REASONS…NOT CHOICE…EAT HEALTHY WHOLE FOODS LIKE BRIGHT COLORED VEGETABLES, FISH, NUTS AND FRUIT…I.E. THE MEDITERRANEAN DIET AND YOU BODY BENEFITS…YOU LIVE LONGER AND WITH A HIGHER QUALITY OF LIFE…READ BELOW…

“The latest research, published in the International Journal of Epidemiology, concludes that eating foods like oranges, lemons, carrots, spinach, nuts, oily fish, fresh rosemary and olive oil could significantly reduce the chances of the disease.”

http://www.telegraph.co.uk/news/newstopics/politics/health/3183834/Mediterranean-diet-halves-risk-of-skin-cancer.html 

Regular intake of fruit, vegetables, nuts and fish may protect against malignant melanoma.

Although exposure to the sun’s rays is still the biggest cause of this type of skin cancer, the latest study suggests poor diet could also be a factor.

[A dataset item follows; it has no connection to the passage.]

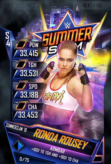 La Mise à jour 6 comprend plus de 70 Superstars de la WWE et Superstars de la NXT dont Stone Cold, Steve Austin et Samoa Joe. Les meilleures Superstars féminines comme Asuka et Charlotte font aussi partie du rang. Cette mise à jour marque aussi les débuts dans WWE SuperCard d’une Superstar anglaise de la NXT, Trent Seven. Et bien entendu, une nouvelle carte est disponible pour « The Baddest Woman on the Planet », Ronda Rousey.
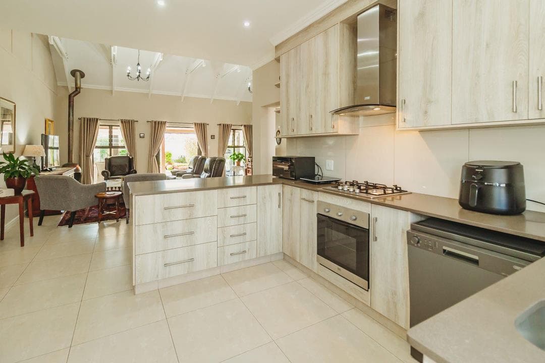 Dual mandate Peace and carefree living await your arrival at Kraaibosch Village. Set within abeautifully landscaped garden, this immaculate home, will enchant the young-at-heart retiree. Sunlight pours in throughout the day to this spacious home, with easy flow, open-plan living areas, featuring a hot pot fireplace, high ceilings and exposed beams, leading to a modern kitchen, with Caesar stone surfaces, gas hob and under counter oven, forming and integral part of the living areas. The patio has been skillfully enclosed and sliding doors lead out to the private garden. There are three, spacious bedrooms, all with built-in cupboards and tiled floors. The main bedroom is en-suite to shower, basin and WC and a second, full bathroom, serves the other two bedrooms. The main bedroom opens out to a pergola covered patio and a second bedroom opens out to an enclosed...

Recent studies have shown Mediterranean foods can protect against other forms of cancer, as well as heart disease, asthma and diabetes.

But this is believed to be the first time scientists have found a benefit in terms of melanoma, an often lethal cancer that strikes more than 9,000 people a year in the UK and kills around 1,700 annually.

The findings, by a team of researchers at a skin disease hospital in Rome called the Dermopathic Institute of the Immaculate, could explain why skin cancer rates are so much lower in Mediterranean populations than those in northern Europe, the US and Australia.

Only around three in every 100,000 people living in Mediterranean countries develop malignant melanoma, compared with up to 22 per 100,000 in Scandinavia and 50 per 100,000 in Australia.

The latest research, published in the International Journal of Epidemiology, concludes that eating foods like oranges, lemons, carrots, spinach, nuts, oily fish, fresh rosemary and olive oil could significantly reduce the chances of the disease.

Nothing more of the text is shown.